Thank you but I’m quite a way away from Manchester. Wirral to be exact. From what I’ve researched online there’s nothing I can get access to here. I don’t drive and wouldn’t be able to reliably access a clinic in Manchester. I think I’m asking how women managed to do this via donors without clinical intervention but also verified donors. It seems that so many women (from many threads I’ve read on here) use websites or apps that are above board without having to pay a ton. As I’ve lost babies before I couldn’t just throw all my money in to likely lose again potentially several times.
I did download an app a PP mentioned but it said that “5 great photos are more likely to get a match” and I would have to sign up to a free 7 day trial that would lead to £20 per month if I carried on. It felt a bit too much like Tinder for babies :/

OP posts:
Bobbie12345678 · 07/08/2025 01:08

Ah. Got it. Good luck on your journey.

Ukelelesolo · 07/08/2025 23:58

As you’ve sadly lost babies before would it not be better to go via a clinic who can ensure that there are no genetic incompatibilities between you and a potential donor?
I wouldn’t use a private donor as legally it’s complicated - going via a clinic avoids that, as well as the obvious advantages of STI screens as the online donors can just be men looking for sex - those ones want ‘natural insemination’ which is sex, not the turkey baster method!
Also with an online donor you will have no idea how many women he is meeting with, there’s no regulation. You might not even know who he really is whereas clinics do ID checks.

I’m in a different situation as I have DC via egg donation so understand some of the process. My donor was screened but if she discovers a genetic health issue in the future the idea is she would notify the clinic. Equally if we discovered something about our DC that could have implications for her we would let the clinic know to contact her.You could have a look at Donor Conception Network charity and maybe connect with others in a similar situation.

Can I also say that for the number of appointments you would have, getting from the Wirral to Manchester should not be a barrier if that was the best choice for you, I imagine an initial consultation and then a few appointments during your treatment, but there are clinics in Liverpool.
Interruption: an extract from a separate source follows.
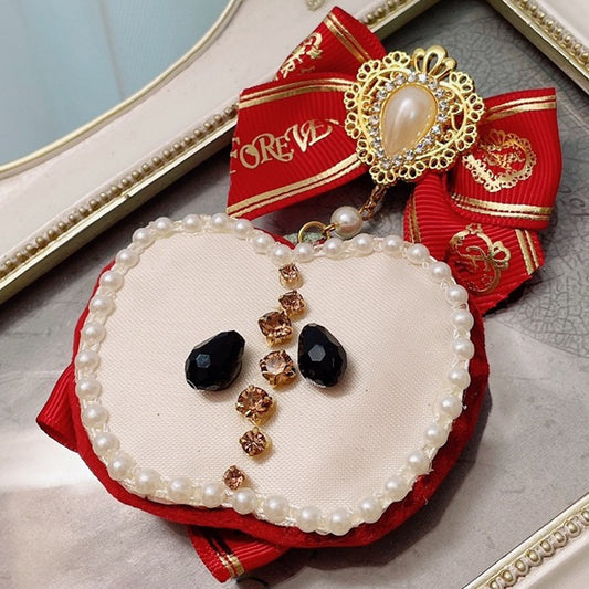 Hairclip Heart Design With Sweet KC Charm Black Lolita Rhinestone
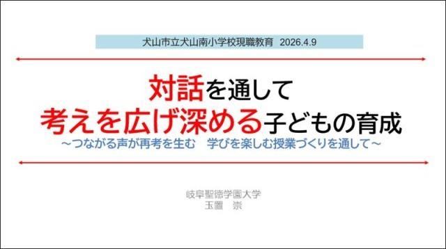 校長先生としばし懇談。13時30分から14時20分まで、今年度の犬山南小の研究方針を踏まえて作った講演プレゼン「対話を通して考えを広げ深める子どもの育成 ~つながる声が再考を生む 学びを楽しむ授業づくりを通して~」。研究方針の確かさを次期学習指導要領から価値づけ、対話に焦点を絞って、学校が目指す対話力をつけるための手立てを様々な材料をもとに伝える。もちろん時折話し合ってもらい、意見発表をしてもらっての展開。

If you are determined to go with a private donor at least try to stay safe by telling someone where/when you are meeting, it’s a very vulnerable position to put yourself in and you have your daughter to consider. I absolutely would not even consider this but I know many do.

Shroedy · 15/08/2025 07:47

To add to ensuring safety (which cannot be guaranteed through any app, none of which are “above board” in any real sense), make sure you’re clear on the legal risks here. Unlikely though clinic donation, if you successfully become pregnant then the donor has the same rights as any other father would regarding that baby ie they can apply to be on the birth certificate and gain parental responsibility, seek access etc.

Yayabee23 · 06/09/2025 10:01

Hey! I'm also 36 and am looking for a donor to have my first child. My partner is 40 and also, doesn't have any children. We have found that since the publicity around serial donor's etc that people have not been so happy to donate.

Are you on sperm donor pages? Just look at sperm donor risk list too so it keeps yourself safe.